# REQUIRED ACTION:
Below are some records. Return exactly the lines from the one with "Step into a" to the one with "Die Eisportionen waren", and nothing else.

# MATERIAL PROVIDED:
= = =
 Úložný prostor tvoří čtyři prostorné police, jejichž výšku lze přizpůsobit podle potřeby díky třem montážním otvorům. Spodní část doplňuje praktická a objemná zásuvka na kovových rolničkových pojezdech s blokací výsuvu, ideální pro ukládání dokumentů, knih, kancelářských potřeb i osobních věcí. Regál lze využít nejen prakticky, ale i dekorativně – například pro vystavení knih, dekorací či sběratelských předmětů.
= = =
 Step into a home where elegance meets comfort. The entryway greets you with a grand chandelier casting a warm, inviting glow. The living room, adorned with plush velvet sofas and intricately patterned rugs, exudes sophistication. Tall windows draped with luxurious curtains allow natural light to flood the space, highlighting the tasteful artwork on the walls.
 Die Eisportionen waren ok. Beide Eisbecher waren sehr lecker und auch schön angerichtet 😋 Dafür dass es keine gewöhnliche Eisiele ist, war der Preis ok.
= = =
# YOUR SOLUTION:
 Step into a home where elegance meets comfort. The entryway greets you with a grand chandelier casting a warm, inviting glow. The living room, adorned with plush velvet sofas and intricately patterned rugs, exudes sophistication. Tall windows draped with luxurious curtains allow natural light to flood the space, highlighting the tasteful artwork on the walls.
 Die Eisportionen waren ok. Beide Eisbecher waren sehr lecker und auch schön angerichtet 😋 Dafür dass es keine gewöhnliche Eisiele ist, war der Preis ok.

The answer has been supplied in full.